I was awake at 4:10 AM this morning thinking, what should I do. I decided that I could not get up until at least 5: AM. Totally arbitrary, of course. Anyway, at 5:30, after staring at the ceiling for an hour, I had developed this brilliant article to write, so I got up.
I had to get a cup of coffee and since I took the time to do that I also got a muffin. The ocean was inviting, so I sat on the deck looking at the potential sunrise drinking my coffee. No spectacular sunrise so I fired up the laptop to write my article and could not remember what I was going to write.

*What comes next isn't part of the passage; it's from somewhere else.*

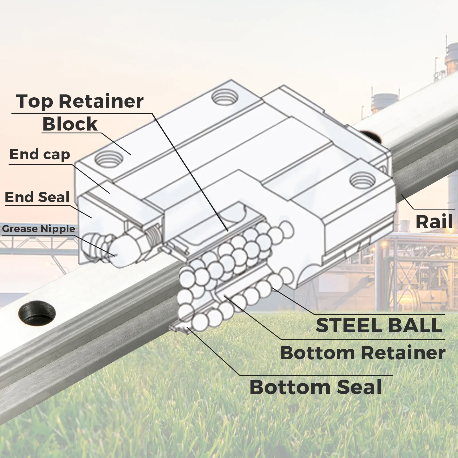 Die Blöcke sind mit präzisen Lagern ausgestattet, die es den Blöcken ermöglichen, frei und schnell auf der Schiene zu gleiten. Sie sind auf dem Gebiet allgegenwärtig, das hohe Präzision erfordert.

Nobody was up and nothing to do, so I went back to bed. Stared at the ceiling for a half an hour with eyes wide open. This is depressing. Decided to get up again, and headed for the coffee maker. This all seemed very familiar.
I sat out on the deck drinking my coffee thinking about what I could do. By the end of cup one, I was wondering why I had to be doing something all the time. Then it occurred to me that there was plenty to do. The problem was there was not anything that I wanted to do. In fact, I could create a lot of things to do. So here I sit staring at the ocean wondering, what is it that I would like to do. The first thing that came to mind was sitting on the deck, ocean front, drinking a cup of coffee. This is vacation, perhaps I am overthinking this stuff. Going for my last cup of coffee – I swear.